• TASK REQUIREMENTS
In the data below, the copy begins at the line containing "En la categoría" and runs through the last line; repeat those lines exactly, minus the pictures.

• RAW DATA
= Beginning of Section =

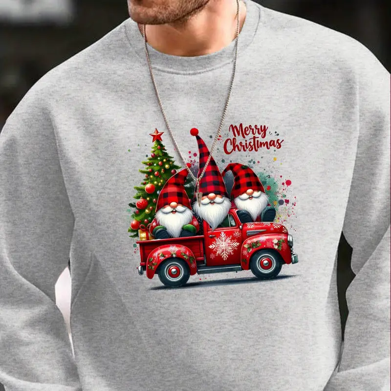 Sweat Noel Homme Camion Rouge avec Gnomes
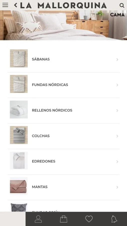 En la categoría de cama tienes todo lo necesario para vestir tus dormitorios: sábanas y fundas nórdicas en colores lisos o estampados, edredones nórdicos, colchas de punto y piqué, mantas, fundas de cojín y almohadas.
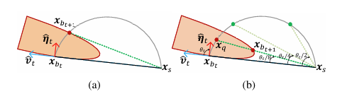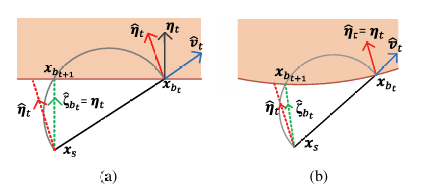 记 υ^t=(xbt−xs)/∥xbt−xs∥2\hat{\upsilon}{t} = (x{b_{t}} - x_{s}) / \| x_{b_{t}} - x_{s}\|{2}υ^t=(xbt−xs)/∥xbt−xs∥2 为从源点 xsx{s}xs 指向边界点 xbtx_{b_{t}}xbt 的方向,η^t\hat{\eta}{t}η^t 是在第 ttt 次迭代 xbtx{b_{t}}xbt 处的估计法线方向。该方法的核心思想是在 (η^t,υ^t)(\hat{\eta}{t},\hat{\upsilon}{t})(η^t,υ^t) 张成的二维平面内,在 η^t\hat{\eta}{t}η^t 所在的一侧进行边界搜索,以获得一个更好的后续边界点 xbt+1x{b_{t + 1}}xbt+1。该半圆形路径在 xsx_{s}xs 和 xbtx_{b_{t}}xbt 之间形成,圆心位于 (xbt+xs)/2(x_{b_{t}} + x_{s}) / 2(xbt+xs)/2,如图 1 所示。在 (η^t,υ^t)(\hat{\eta}{t},\hat{\upsilon}{t})(η^t,υ^t) 张成的平面内进行查询的搜索方向可以表示为:

= End of Section =

• FINISHED TASK
 En la categoría de cama tienes todo lo necesario para vestir tus dormitorios: sábanas y fundas nórdicas en colores lisos o estampados, edredones nórdicos, colchas de punto y piqué, mantas, fundas de cojín y almohadas.
 记 υ^t=(xbt−xs)/∥xbt−xs∥2\hat{\upsilon}{t} = (x{b_{t}} - x_{s}) / \| x_{b_{t}} - x_{s}\|{2}υ^t=(xbt−xs)/∥xbt−xs∥2 为从源点 xsx{s}xs 指向边界点 xbtx_{b_{t}}xbt 的方向,η^t\hat{\eta}{t}η^t 是在第 ttt 次迭代 xbtx{b_{t}}xbt 处的估计法线方向。该方法的核心思想是在 (η^t,υ^t)(\hat{\eta}{t},\hat{\upsilon}{t})(η^t,υ^t) 张成的二维平面内,在 η^t\hat{\eta}{t}η^t 所在的一侧进行边界搜索,以获得一个更好的后续边界点 xbt+1x{b_{t + 1}}xbt+1。该半圆形路径在 xsx_{s}xs 和 xbtx_{b_{t}}xbt 之间形成,圆心位于 (xbt+xs)/2(x_{b_{t}} + x_{s}) / 2(xbt+xs)/2,如图 1 所示。在 (η^t,υ^t)(\hat{\eta}{t},\hat{\upsilon}{t})(η^t,υ^t) 张成的平面内进行查询的搜索方向可以表示为:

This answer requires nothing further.